O aplicativo Deco para Android possui um guia passo a passo de como fazer a substituição dos equipamentos sem disrupções na rede e sem a perda das configurações; coisas como nome dos dispositivos, a que membro da família ele pertence, perfis de utilização (normal, streaming, jogos online, etc) e principalmente a reserva de IPs e encaminhamento NAT dos serviços que eu já possuía configurado na rede.

É claro que o assistente falhou e eu perdi todas as minhas configurações 🥲

No final, eu acabei ficando com duas redes capengas:

  • Em uma das redes, um dos BE65 ficou ativo e todos os M9 Plus e M4R ficaram desconfigurados.

  • Na outra rede, o outro BE65 ficou desativado e todos os outros dispositivos estavam configurados.

Como ambas as redes estavam configuradas para usar o mesmo SSID (Service Set Identifier, o nome da rede), os dispositivos ora se conectavam a rede com acesso a internet e ora a rede sem acesso a internet, causando uma verdadeira bagunça que impediu todo mundo aqui em casa de acessar a Netflix. Não preciso nem dizer que minha esposa e filha não gostaram nem um pouco dessa interrupção.

Depois de perceber o problema, removi todos os dispositivos legados da tomada, de modo a só ter os BE65 energizados e conectados a rede. Como eu já tinha perdido todas as configurações mesmo, resolvi recriar a rede do zero, aproveitando o momento para configurar algum tipo de isolamento entre dispositivos/casos de uso. A minha configuração atual ficou da seguinte maneira:

Simplicidade é tudo, meus amigos!

  • Uma rede em malha com dois BE65, um deles atuando como nó central e localizado no corredor da sala, e um satélite posicionado no escritório. O nó central possui alcance suficiente para chegar na sala, na cozinha e na suíte, e o resto da casa é servida pela unidade satélite.

    • Conectado ao Deco principal via uma das portas 2.5 Gbps, o bare metal que usei para ser o primeiro host do meu cluster Proxmox (mais sobre isso nos próximos capítulos da saga).
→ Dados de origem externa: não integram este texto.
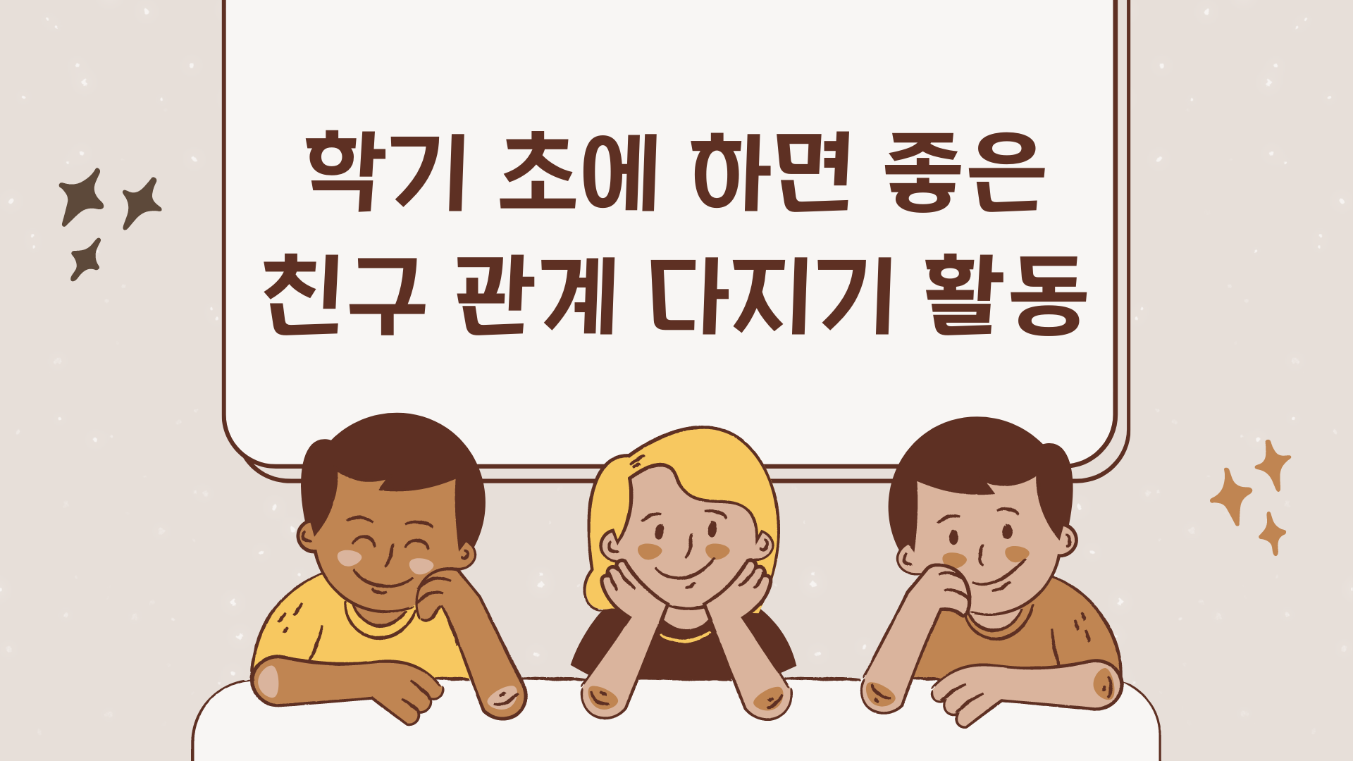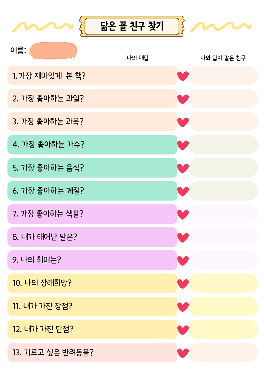 처음 다른 친구들과 관계를 맺을 때는 공통점을 찾아 대화의 물꼬를 트는 경우가 많습니다. 같은 관심사를 가진 친구와는 대화가 잘 통하기 마련이기 때문입니다. 그래서 나와 공통점을 가진 친구를 찾아보는 활동을 해 보도록 합니다. '이 사람을 찾아라!'와 같은 방식으로 진행해도 괜찮고, 좀더 느슨하게 자유도를 높일 수도 있습니다. 선생님의 재량껏 상황에 따라 선택하여 운영하세요.

  • Três novas redes Wi-Fi: além das redes 2.4GHz e 5GHz (aglutinadas em um único SSID), agora temos uma rede 6GHz e uma rede MLO (Multi-Link Operation), sem contar uma rede exclusiva para os dispositivos IoT como as lâmpadas de casa e outros dispositivos inteligentes.

Felizmente eu tenho um documento no Obsidian com todas as configurações de rede que eu perdi durante a migração. Deu um pouco de trabalho, mas aos poucos eu consegui reconfigurar tudo direitinho.

O mais broxante foi descobrir que existia uma opção de backup nativa no aplicativo Deco:

Só Deus salva, afinal ele leu o manual.

Por isso, fica aqui a primeira dica para você, querido homelabber (sim, essa palavra existe): se você já tem uma infraestrutura montada e deseja ampliá-la ou modernizá-la, não deixe de fazer o backup de tudo! Se você não encontrar a opção de backup, procure novamente e ative-a!

No próximo artigo, eu irei explicar o que é Proxmox e como você pode configurá-lo de modo a ter o seu próprio datacenter em casa.

Só para dar um gostinho do tanto de coisa que eu tenho para falar sobre esse tema, deem uma olhada em como está o homelab atualmente:

Esse gavião foi o meu sogro quem fez!

Apenas o servidor PVE1 (o de baixo) está ativo no momento, mas é apenas uma questão de tempo até que uma nova extensão elétrica seja instalada.

O que já tenho implantado no meu datacenter:

VMware feelings!

Um grande abraço e até semana quem vem!

By the way: eu passei na prova de certificação!